Research has shown that dryland ecosystems, including those in Chinese and American regions, are not in a state of equilibrium [1]. Vegetation dynamics in these areas tend to be nonlinear and sensitive to external forces, predominantly resulting from two factors: (1) climate change caused by anthropogenic activities, which leads to changes in spatiotemporal precipitation and temperature and affects water availability. Rising atmospheric CO${}_2$ levels also promote vegetation water use efficiency and the greening process of the world [15]. (2) Land use actions such as grazing, cropping, and deforestation [16,17] have also caused a significant part of land degradation. Anthropogenic climate change and land use have already resulted in the expansion of arid areas worldwide [18]. However, the key driver of increased vegetation productivity is the rising CO${}_2$ concentration. As CO${}_2$ levels increase, plants promote carbon fixation rates, and the non-radiative effects of increasing CO${}_2$ concentration on photosynthesis and biomass production are referred to as CO${}_2$ fertilization effects. Previous studies suggest that these effects have a positive impact on leaf area index (LAI) enhancement, particularly in water-limited areas during the early stages of vegetation development [19,20,21].

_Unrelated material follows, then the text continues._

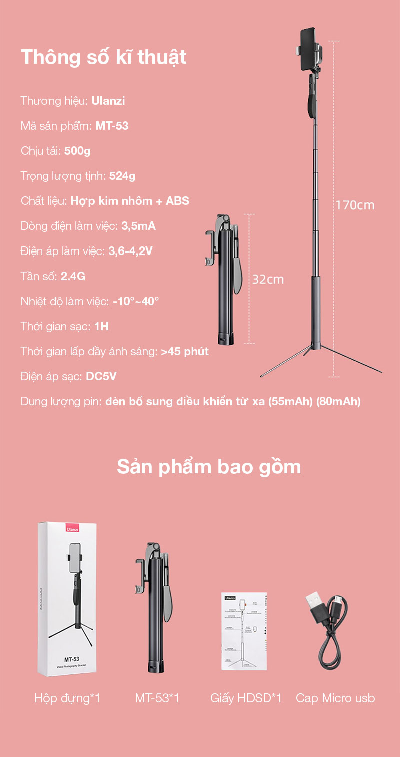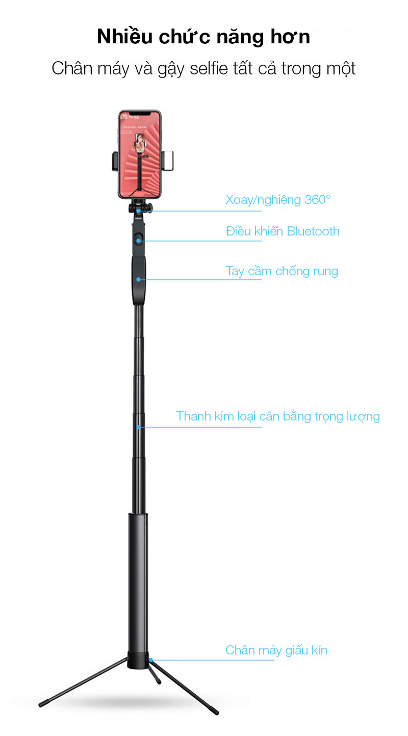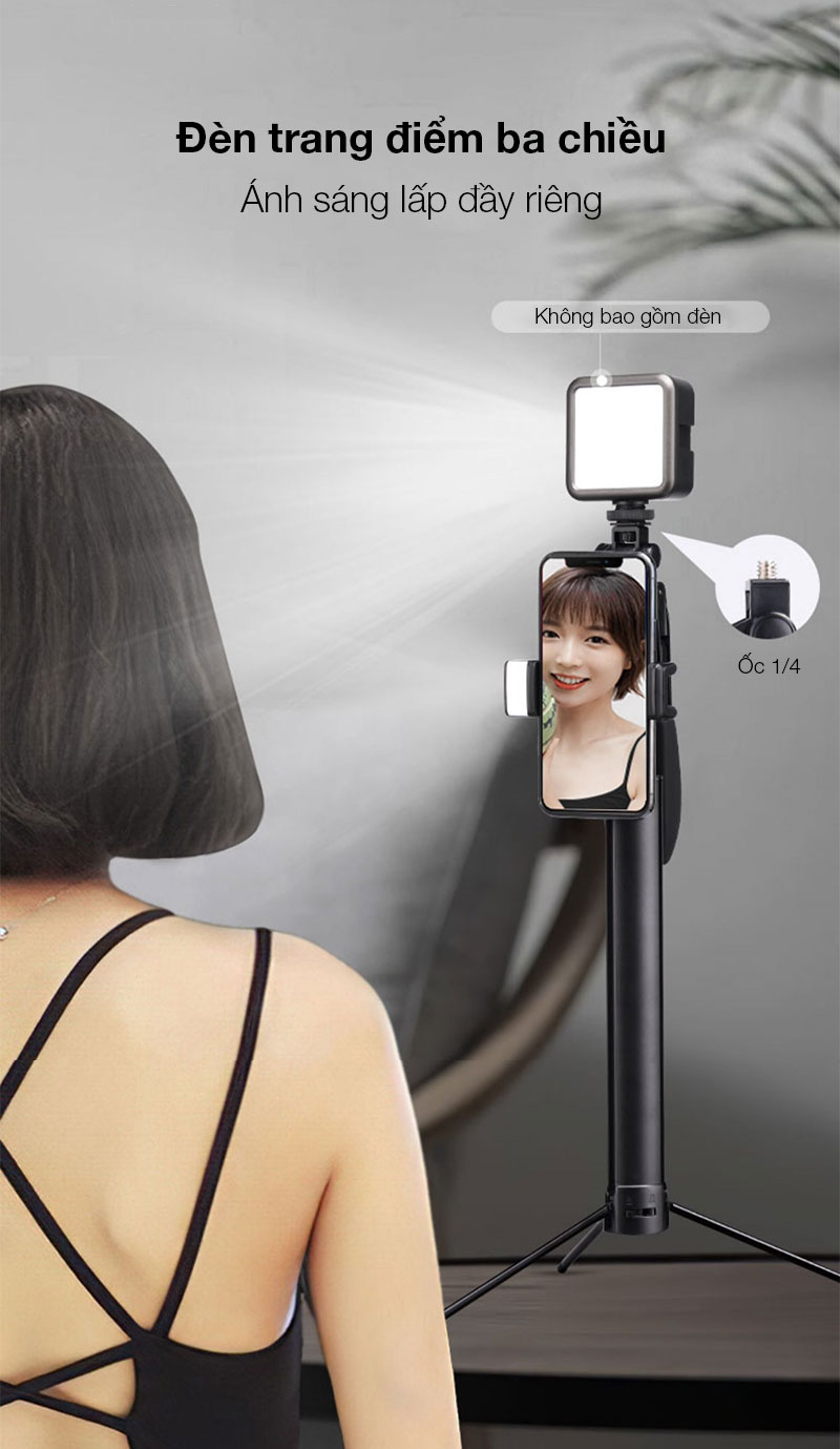 - Chân máy chụp ảnh tự sướng tất cả trong một. Tích hợp bộ ổn định, giá ba chân và gậy chụp ảnh tự sướng, có đầu xoay mượt mà 360 °, bộ điều khiển từ xa không dây, tay cầm chống rung khi chụp ổn định, chân đế kim loại có trọng lượng cân bằng và tích hợp chân kiềng ẩn. Được thiết kế cho người dùng YouTube và người sáng tạo nội dung theo nhu cầu chụp ảnh tự sướng và chụp ảnh.

Currently, the development of satellite-based observational data can readily provide us with spatial and temporal information on vegetation growth [22,23]. However, quantifying the individual contributions of different driving factors, such as climate change (CC), climate variability (CV), CO${}_2$ fertilization, and land use (LU), remains a challenge. Without a clear understanding of the dominant mechanisms of greening or land degradation, we lack the theoretical basis needed to predict future dryland carbon uptake or ecosystem evolution. Therefore, the primary aim of this study is to disentangle which areas are undergoing greening or land degradation and quantify the contributions of these different driving factors in China and America, focusing on dryland areas. To identify areas experiencing vegetation reductions, we employ the satellite-based Normalized Difference Vegetation Index (NDVI) and calculate changes in vegetation growth using a non-parametric trend analysis on the growing maximum season NDVI (NDVI${}_m$). We then attribute these changes to CO${}_2$ fertilization, CC, CV, and LU using the TSS-TESTREND method. To make the results more robust, we use a 9-member ensemble consisting of statistical model runs based on a combination of observational gridded data, including three precipitation and three temperature datasets.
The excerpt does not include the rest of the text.